Implica i seguenti semplici passaggi:

1) Disegna due campioni uniformi standard:

u1Unif(0,1)u2Unif(0,1).

2a) Applicare la seguente trasformazione di taglio al punto (i punti nel triangolo in basso a destra sono riflessi nel triangolo in alto a sinistra e saranno "un- riflesso "in 2b): [ xmin{u1,u2},max{u1,u2}

[xy]=[11]+[2212210][min{u1,u2}max{u1,u2}].

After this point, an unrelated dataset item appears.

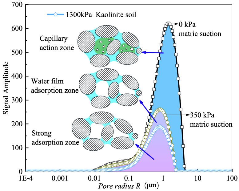 土壤-水特征曲線是描述含水量與基質(zhì)吸力關(guān)系的關(guān)鍵曲線,對于非飽和土理論和工程應(yīng)用至關(guān)重要。由于含水量顯著影響非飽和土的強度,因此需要從實驗上研究水分在土壤基質(zhì)內(nèi)的分布。然而,盡管關(guān)于SWCC的研究眾多,但很少有研究探索支撐該曲線的水分分布特征。具體來說,在不同基質(zhì)吸力下,保留在不同半徑孔隙中的水對吸力的貢獻不同,但孔隙水的組成、分布模式以及殘余水的相對含量仍不清楚。

2b) Swap e se .y u 1 > u 2xyu1>u2

3) Rifiuta il campione se all'interno del cerchio dell'unità (l'accettazione dovrebbe essere di circa il 72%), ovvero:

x2+y2<1.

L'intuizione dietro questo algoritmo è mostrata nella figura. inserisci qui la descrizione dell'immagine

I passaggi 2a e 2b possono essere uniti in un unico passaggio:

2) Applicare la trasformazione del taglio e scambiare

x=1+22min(u1,u2)u2y=1+22min(u1,u2)u1

Il codice seguente implementa l'algoritmo sopra (e lo verifica usando il codice @ whuber).

n.sim <- 1e6
x.time <- system.time({
    # Draw two standard uniform samples
    u_1 <- runif(n.sim)
    u_2 <- runif(n.sim)
    # Apply shear transformation and swap
    tmp <- 1 + sqrt(2)/2 * pmin(u_1, u_2)
    x <- tmp - u_2
    y <- tmp - u_1
    # Reject if inside circle
    accept <- x^2 + y^2 > 1
    x <- x[accept]
    y <- y[accept]
    n <- length(x)
})
message(signif(x.time[3] * 1e6/n, 2), " seconds per million points.")
#
# Plot the result to confirm.
#
plot(c(0,1), c(0,1), type="n", bty="n", asp=1, xlab="x", ylab="y")
rect(-1, -1, 1, 1, col="White", border="#00000040")
m <- sample.int(n, min(n, 1e4))
points(x[m],y[m], pch=19, cex=1/2, col="#0000e010")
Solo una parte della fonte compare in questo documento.